Agencies must transition to fee-paying models. HelmsBriscoe, Conference Direct and many other meetings management firms aligned themselves with corporate travel departments on a cash-neutral model funded by hotel commissions. This isn’t desirable or sustainable for anyone in today’s environment. It also requires organizations to host events in hotels. Why should they? In the age of Airbnb, it’s unique venues available via workspace companies like Convene and WeWork that are proving to be the places where modern workers want to meet.
In light of all this behavioral change, agencies must adapt to hold their ground. They will have to support corporate travel and events departments in making the case for budgets. Most importantly, agencies will have to prove their value in new ways.
The dominant value proposition of travel management companies is the power of aggregation; thanks to their volumes, they get the best rates. This may be true for hotel stays and airline tickets, but is a harder case to prove with events. Meetings agencies will need to partner with innovative technology firms to optimize for ROI in an environment of price opacity. Agencies will have to learn how to provide services in a more streamlined and modern way using technology as the backbone.
Hotel brands will have to redefine their commitment to price parity. The hotels created the commission scenario in the industry. They claimed they had to keep prices at a certain level to remain consistent (i.e., price parity), but in exchange for buying in volume, they would pay the standard commission to the corporate travel department. Now that hotels have eroded their commitment to pay commissions, there no longer is a requirement for price parity. The model of the future will be a variable price or defined discount level for groups based on the corporation’s overall spend volume.
The industry will require technology that provides metrics to justify the value of live events. The underlying catalyst to change will be technology. To be clear, technology isn’t the same as features. In my few years in this industry, I’ve found an overwhelming obsession with features. TMCs, agencies and consultants build technology RFPs with the sole objective of creating a feature checklist to compare providers but rarely do they ask about user adoption.
Are the technologies used across the organization? What value do they return? Do they make for better events and provide the metrics needed to get us to the future and help secure bigger budgets so we can grow? Overly complex software that requires armies of integration specialists is not the path to the future. The most impactful technology in the modern era, Google, started with one main feature — a search bar. This unlocked the most value, data, metrics and user joy in the history of technology. The events technology of the future will be that simple.

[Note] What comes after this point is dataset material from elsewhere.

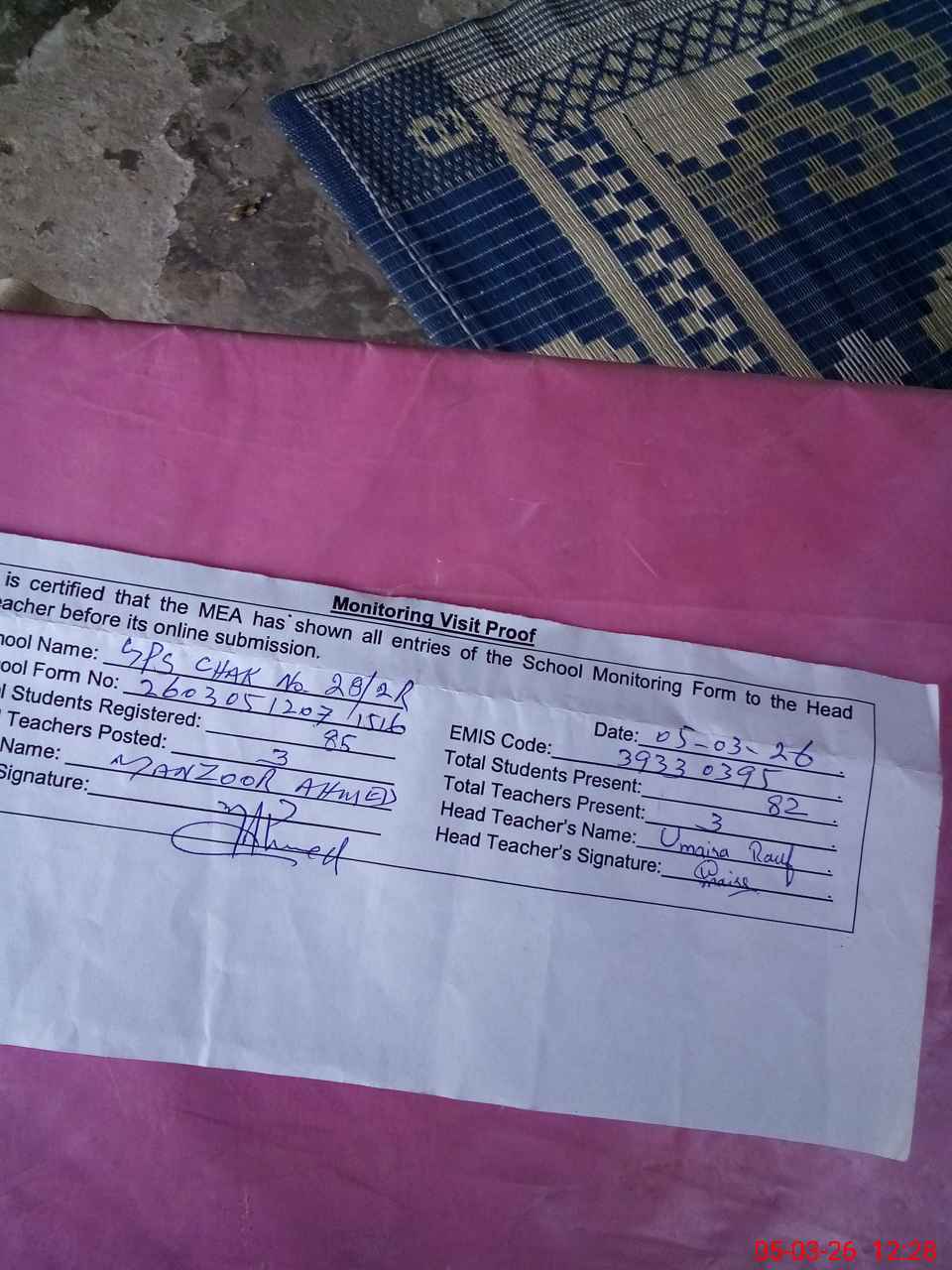 | EMIS Code: 39330395 | Name of School: GPS CHAK NO. 28/2-R | |||

There is a whole population of businesspeople who have incredible data feeds from every aspect of their organizations. They demand robust metrics to understand the value of their in-person experiences. This technology needs to have modern, open-ended APIs that work with existing systems. It also needs to be simple, minimalist and easy to use for any age or demographic, and collaborative with the various stakeholders and agencies. This is the technology that will define the future of events, and will rapidly increase the budgets that the industry needs and deserves.